Written by Justine Juel Gillmer and based on Alan Haft’s book, “Harry Haft: Survivor of Auschwitz, Challenger of Rocky Marciano,” Levinson’s latest project spans three time periods in Harry’s life: his imprisonment in Auschwitz during World War II, his life in post-war New York as a fledgling boxer, and his later years when Harry has a family but is still haunted by the atrocities he experienced during his captivity. Foster plays Harry in all three sections and lost more than 60 pounds to best replicate the fighter’s experience in the concentration camp.

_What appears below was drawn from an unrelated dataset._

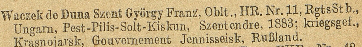 Waczek Ferenc neve a hivatalos Veszteséglista 329. számában (Forrás: Verlustliste, 329. szám. 5.
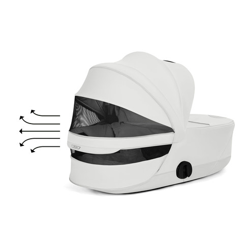 Når det er tid til opbevaring, gør det innovative design det muligt at folde liggedelen til halv størrelse, også selv mens den stadig er fastgjort til Priam stellet - hurtigt, problemfrit og kompakt. På længere rejser kan den afmonteres med én hånd og foldes sammen separat fra stellet, så den passer perfekt i bilens bagagerum eller i flyets bagagekabine (sørg altid for at spørger flyskelskabet). En åndbar madras i blødt skum omslutter dit barn med nænsom støtte, mens panorama- og ovenlys "vinduer" lukker lys og frisk luft ind - og giver små nysgerrige øjne mulighed for at udforske verden. Hver eneste detalje er gennemtænkt: luksuriøs søvnkomfort, banebrydende design og rejsefrihed uden kompromiser. Designet til forældre, der forventer førsteklasses detaljer, kvalitet og design.

“He was the one who said to me, right away, ‘Look, you know, I think I need to lose the weight. Because, you know, I don’t know how we’re going to do opticals. But I think I got to really live through this,’” Levinson says of his star. “So it was a huge physical challenge, but I understand it, because it’s not just simply the fact that he’s so thin. It’s that he wanted to be inside of what is it? Like, you know, to be literally to the point that you’re steps away from just dying of starvation. What is it like and end up being forced to fight in order to survive? So that was his immediate reaction to it, which I certainly I agreed with.”
The cost of survival is the central question of “The Survivor.” Levinson was drawn to the project because of its depiction of post-traumatic stress disorder – something he had experienced first-hand as a young boy when his great-uncle, who had survived the Holocaust, came to live with Levinson’s family. It’s a memory that he thought of when he read “The Survivor.”
“When this script came, I immediately thought of that incident. But I thought of the incident, in today’s terms,” he says. “That what he had is a post-traumatic stress disorder. And that wasn’t known then. And so that’s what drew me into it. … Whether you’re a soldier, or whatever it is, when you’ve had a real trauma that took place, it doesn’t necessarily, for many people, just go away. You’re haunted by it. And so I thought, well, that’s a kind of an interesting way to look into this situation.”
Harry, he says, “survived the camps, but now he’s got to survive life, and enjoy life, and be able to be a part of it engaged by it, to be able to laugh to do all the things that are part of human behavior. And that that’s the journey of Harry Hath – to come to that. And so that’s what sort of got me.”
“The Survivor” is now streaming on HBO Max in honor of Yom HaShoah (Holocaust Remembrance Day).